Nel 1937 fu nominato sostituto alla Segretaria di Stato sotto il cardinale Pacelli (futuro Pio XII) e poi sotto il cardinale Maglione alla cui morte, nel 1944, continuò a esercitare il suo ufficio direttamente alle dipendenze del Papa. Durante la Seconda Guerra Mondiale, fu responsabile dell’organizzazione degli aiuti umanitari e del sostegno ai rifugiati politici. Nel 1952 Pio XII annunciò che avrebbe voluto elevarlo alla dignità cardinalizia, ma che monsognor Montini aveva rifiutato. Nel 1955 divenne arcivescovo di Milano: la sua opera per rivitalizzare il mondo cattolico e per diffondere il messaggio evangelico tra operai e lavoratori attirò l’attenzione mondiale. Nel 1958 fu creato cardinale da papa Giovanni XXIII, nel suo primo Concistoro. La sua adesione all’idea di un Concilio fu immediata: fece parte della commissione preparatoria centrale del Vaticano II e della commissione tecnico-organizzativa. Alla morte di papa Giovanni, fu eletto suo successore il 21 giugno 1963.
Lungo il suo pontificato, uno dei temi più dibattuti fu la tensione fra il primato del Papa e la collegialità dei vescovi. Nel 1965 annunciò l’istituzione del Sinodo dei Vescovi richiesto dal Concilio, ma riservando all’autorità del Papa alcuni temi specifici: il celibato dei sacerdoti ad esempio, escluso dal dibattito conciliare, fu oggetto di una enciclica, «sacerdotalis caelibatus», il 24 giugno 1967; l’aborto e il controllo delle nascite furono affrontati nella sua ultima enciclica, l’«Humanae vitae», nel 24 luglio 1968.

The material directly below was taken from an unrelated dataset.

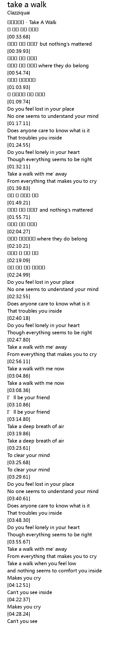 | [00:02.62] | 클래지콰이 - Take A Walk |

Paolo VI non ha avuto grande attenzione dalla stampa, e la sua immagine pubblica ha sicuramente risentito del confronto con il suo estroverso e gioviale predecessore. Chi lo ha conosciuto meglio tuttavia lo descrive come una persona brillante, profondamente spirituale, riservata e gentile. È stato un grande viaggiatore, e il primo Papa a visitare tutti i continenti. L’aver portato con successo a compimento il Concilio Vaticano II è il «marchio» più importante che ha lasciato nella storia della Chiesa, ma deve essere anche ricordato per la sua rigorosa riforma della Curia romana, il suo discorso ben accolto alle Nazioni Unite del 4 ottobre 1965, la sua eniclica «Populorum progressio» (1967) insieme all’altra grande lettera sociale «Octogesima adveniens» (1971), la prima a lanciare l’allarme su alcuni problemi che solo recentemente sono stati messi in luce, e la sua esortazione apostolica «Evangelii nuntiandi». Morì il 6 agosto 1978, festa della Trasfigurazione.